* PROBLEM TO SOLVE: Print the listing exactly as it stands, and skip any pictures in it.

──────── COLLECTED DATA ────────

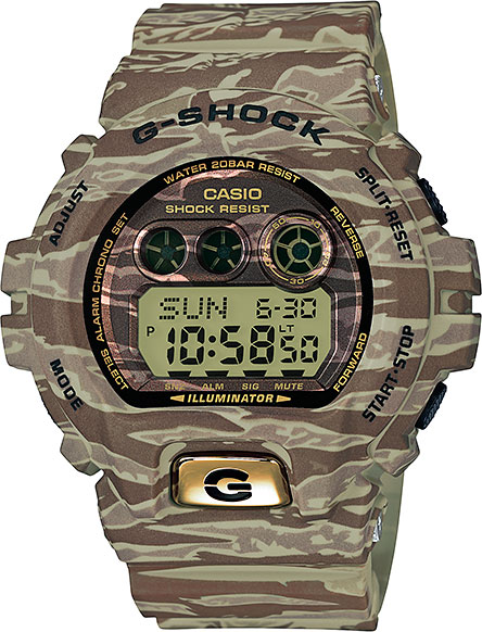 G-Shock представляет новые камуфляжные вариации для крупных и многофункциональных спортивных часов. G-Classic Camo. Светодиодная автоматическая супер-подсветка. При движении руки дисплей освещается ярким светом. Противоударный корпус защищает механизм от ударов и вибрации. Секундомер с точностью показаний 1/100с и временем измерения 24ч. Сплит-хронограф. Таймер обратного отсчета от 1мин до 24ч с автоповтором. Мировое время. 12-ти и 24-х часовой формат времени. Световая индикация сигнала. Функция включения/отключения звука.
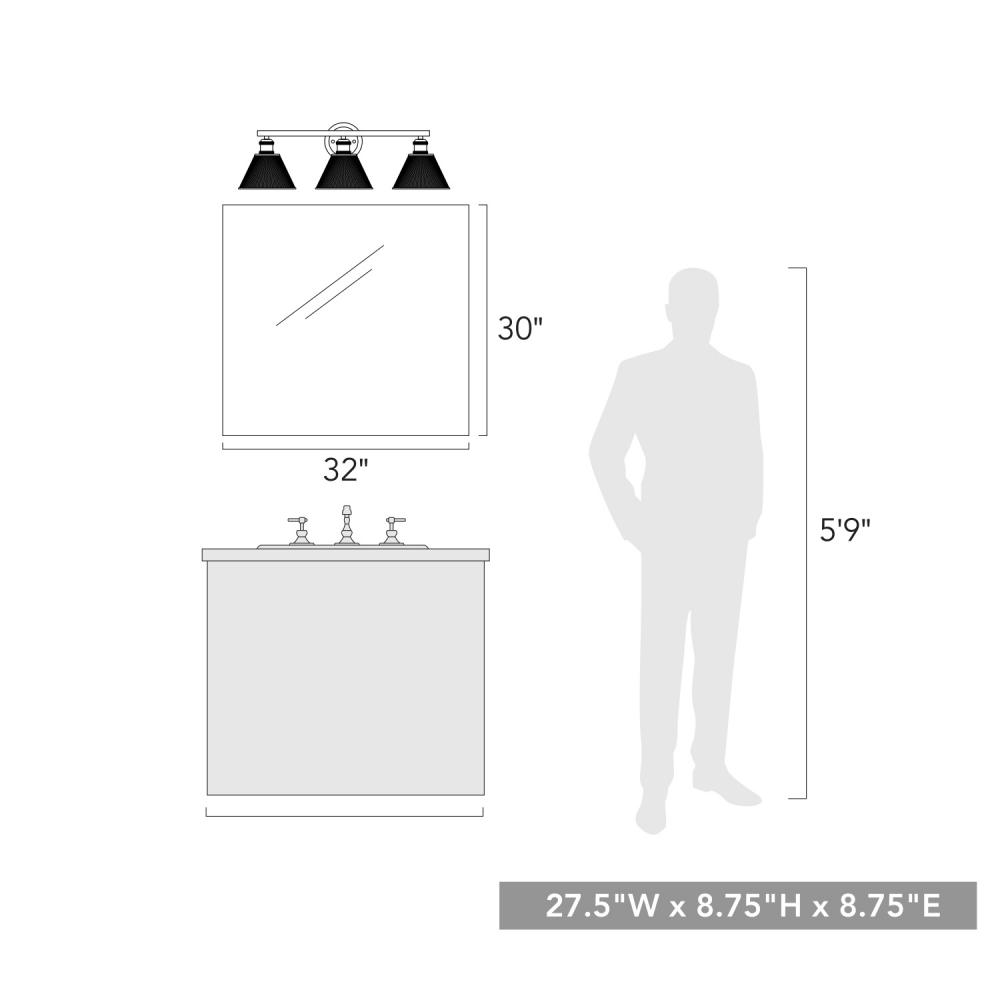 Bring modern industrial elegance into your home with the Yep by Golden Lighting Carver 3-light Vanity in Rubbed Bronze. Featuring a stunning metal shade and rich rubbed bronze finish, it creates an inviting atmosphere in your bathroom or laundry area. This industrial-style fixture showcases a cone-shaped metal mesh shade, celebrating the beauty of exposed bulbs and providing a warm, inviting glow. Its rubbed bronze finish adds classic warmth and depth, with subtle brushed highlights creating a striking visual effect. Perfect for brightening up bathrooms, this vanity light is damp location rated, making it suitable for spaces with occasional moisture, such as bathrooms and covered porches. While it may not have adjustable height features, it provides a versatile design fitting for covered and semi-enclosed environments. Overall Dimensions: 27.5"W x 8.75"H x 8.75"D. Requires three E26 medium base bulbs (not included), with a maximum wattage of 60 per bulb. Transform your space with this beautiful combination of functionality and aesthetic appeal.
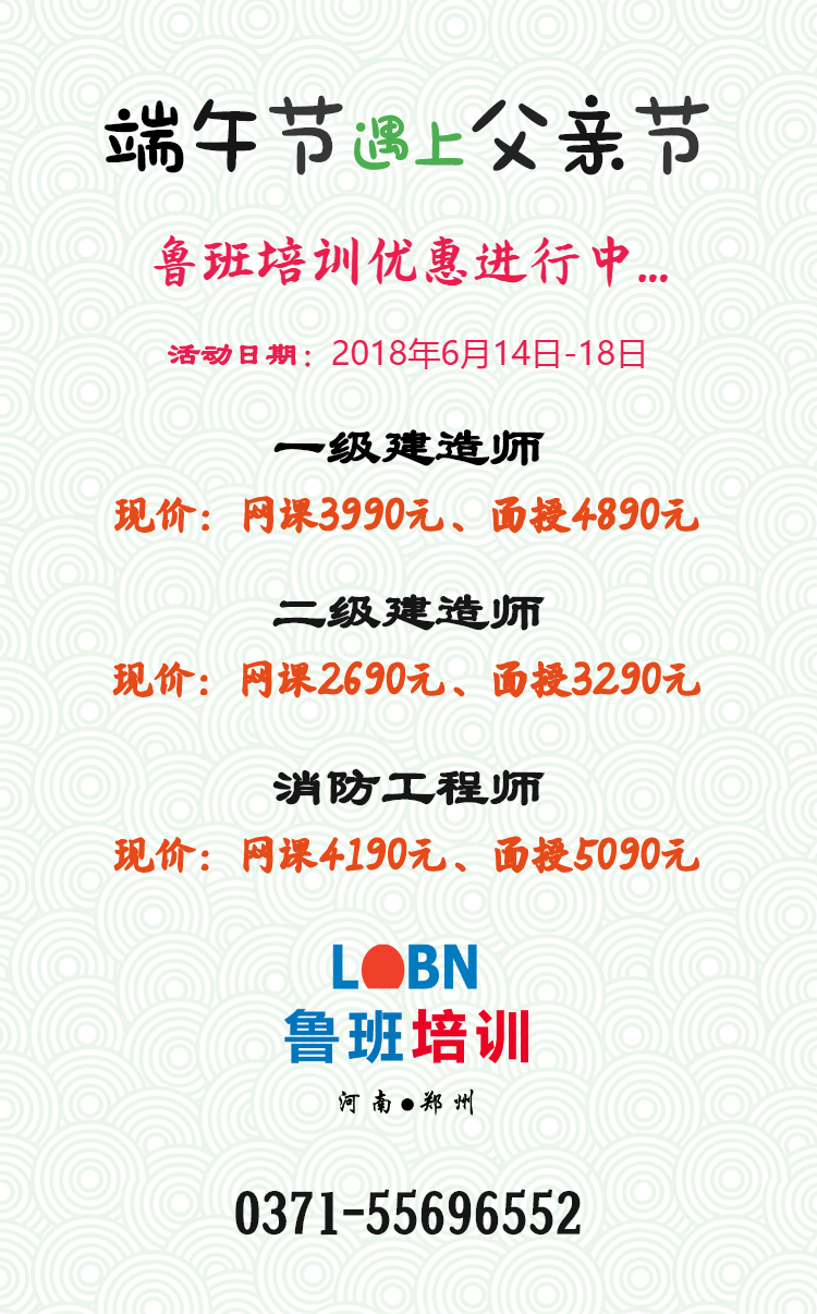 您的當(dāng)前位置:魯班培訓(xùn)-一建培訓(xùn),二建培訓(xùn),監(jiān)理,注冊安全工程師等 > 開課通知 > 優(yōu)惠活動(dòng) >

────────

* ANSWER SPACE:
 G-Shock представляет новые камуфляжные вариации для крупных и многофункциональных спортивных часов. G-Classic Camo. Светодиодная автоматическая супер-подсветка. При движении руки дисплей освещается ярким светом. Противоударный корпус защищает механизм от ударов и вибрации. Секундомер с точностью показаний 1/100с и временем измерения 24ч. Сплит-хронограф. Таймер обратного отсчета от 1мин до 24ч с автоповтором. Мировое время. 12-ти и 24-х часовой формат времени. Световая индикация сигнала. Функция включения/отключения звука.
 Bring modern industrial elegance into your home with the Yep by Golden Lighting Carver 3-light Vanity in Rubbed Bronze. Featuring a stunning metal shade and rich rubbed bronze finish, it creates an inviting atmosphere in your bathroom or laundry area. This industrial-style fixture showcases a cone-shaped metal mesh shade, celebrating the beauty of exposed bulbs and providing a warm, inviting glow. Its rubbed bronze finish adds classic warmth and depth, with subtle brushed highlights creating a striking visual effect. Perfect for brightening up bathrooms, this vanity light is damp location rated, making it suitable for spaces with occasional moisture, such as bathrooms and covered porches. While it may not have adjustable height features, it provides a versatile design fitting for covered and semi-enclosed environments. Overall Dimensions: 27.5"W x 8.75"H x 8.75"D. Requires three E26 medium base bulbs (not included), with a maximum wattage of 60 per bulb. Transform your space with this beautiful combination of functionality and aesthetic appeal.
 您的當(dāng)前位置:魯班培訓(xùn)-一建培訓(xùn),二建培訓(xùn),監(jiān)理,注冊安全工程師等 > 開課通知 > 優(yōu)惠活動(dòng) >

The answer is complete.